Bars with different superscripts (a, b) indicate significant differences (P <0.05).
Effect of brilliant cresyl blue staining
The inefficiency of in vitro embryo production was associated with oocyte quality at the beginning of maturation (Gasparrini, 2002). Identifying and selecting oocytes with high developmental competence is a critical step towards successful embryo technology (Egerszegi et al., 2010). Many studies used brilliant cresyl blue (BCB) staining tests to monitor and identify oocyte quality for different species such as buffalo and ovine (Manjunatha et al., 2007; Wang et al., 2012).

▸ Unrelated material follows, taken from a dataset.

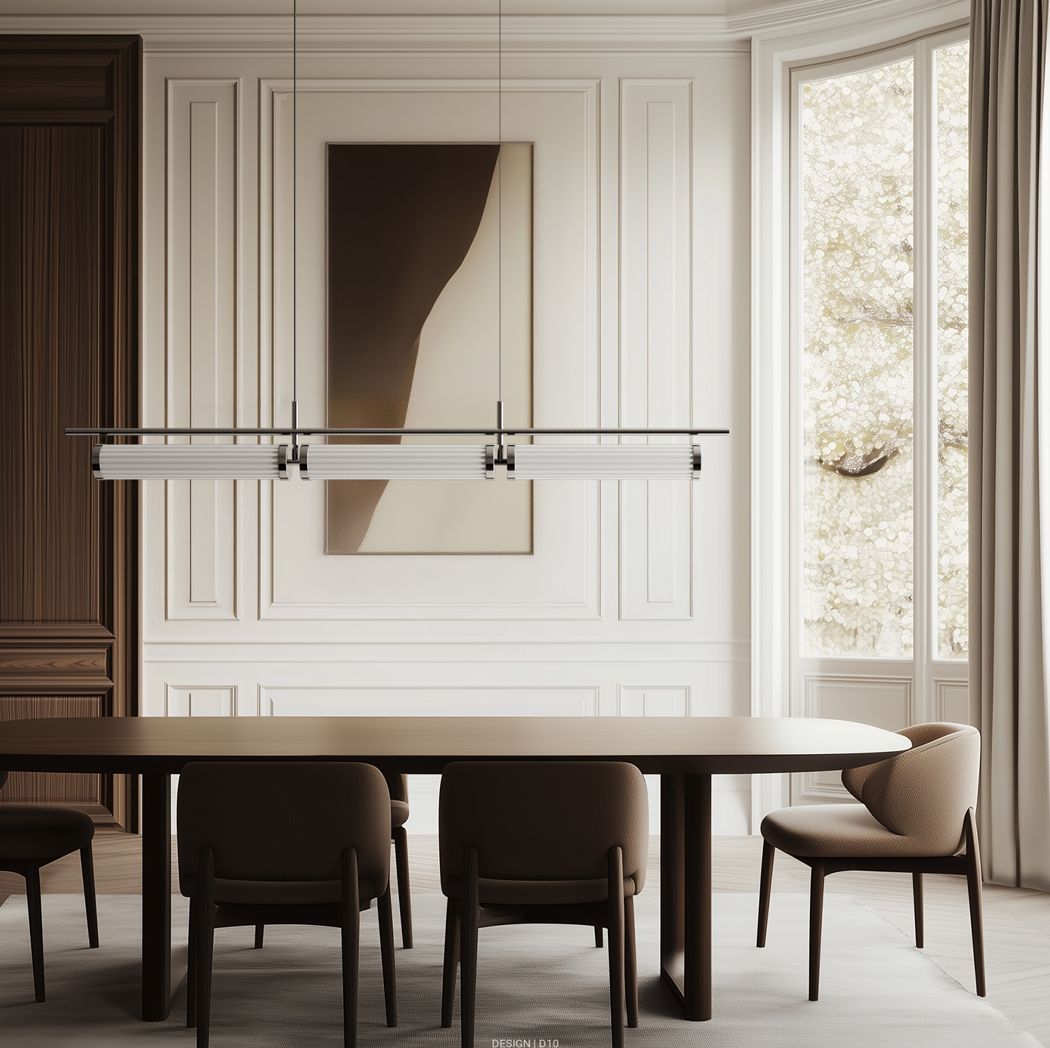 Numu to nowoczesne ujęcie klasycznej elegancji w którym główną rolę odgrywa połączenie metalowej konstrukcji z lekkimi prążkowanymi kloszami ze szkła. Skrywają one zintegrowane moduły LED które emitują delikatne i miękkie światło podkreślając teksturę szkła.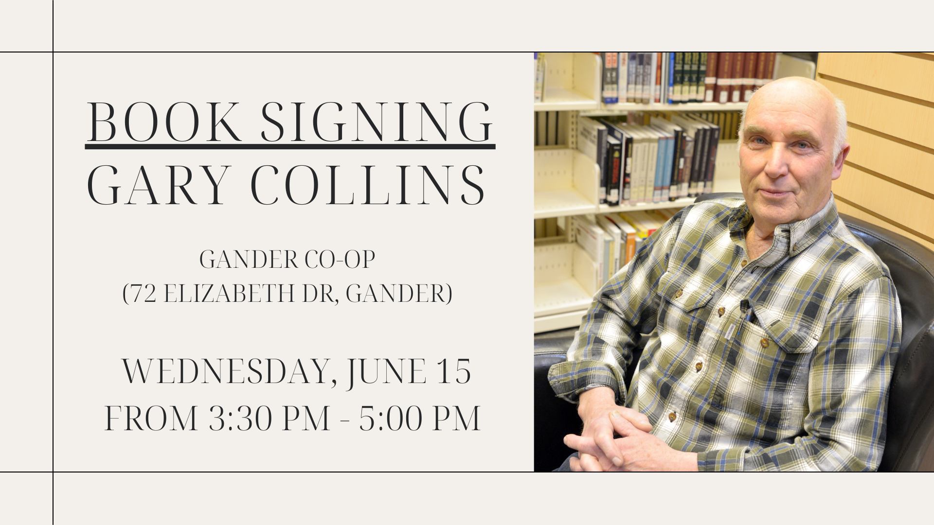 Gander Co-op 72 Elizabeth Drive, GanderGary Collins will be signing copies of his new book, Redjack and other titles, at Gander Co-op (72 Elizabeth Dr, Gander), on Wednesday, June 15 from 3:30 pm - 5:00 […]

Previous work has shown that BCB+ oocytes are more competent and yield more blastocysts compared to BCB-oocytes. BCB testing has been shown to enable the selection of larger oocytes with higher levels of in vitro maturation and fertilization and an increased percentage of normal fertilized oocytes (Wang et al., 2012). The ability of BCB+ derived oocyte to be fertilized and developed to morula and blastocyst stages was significantly higher than morphologically selected oocytes only (Rodriguez-Gonzalez et al., 2003; Alm et al., 2005; Manjunatha et al., 2007; Silva et al., 2013). Indeed, BCB selects larger oocytes with more mitochondria and activation of the maturation-promoting factor (MPF) (Catala et al., 2011). On the other side, less competent oocytes (BCB-) displayed fertilization failure or developmental arrest due to delayed mitochondrial DNA (mtDNA) replication attributed to the delayed expression of their nuclear replication factors.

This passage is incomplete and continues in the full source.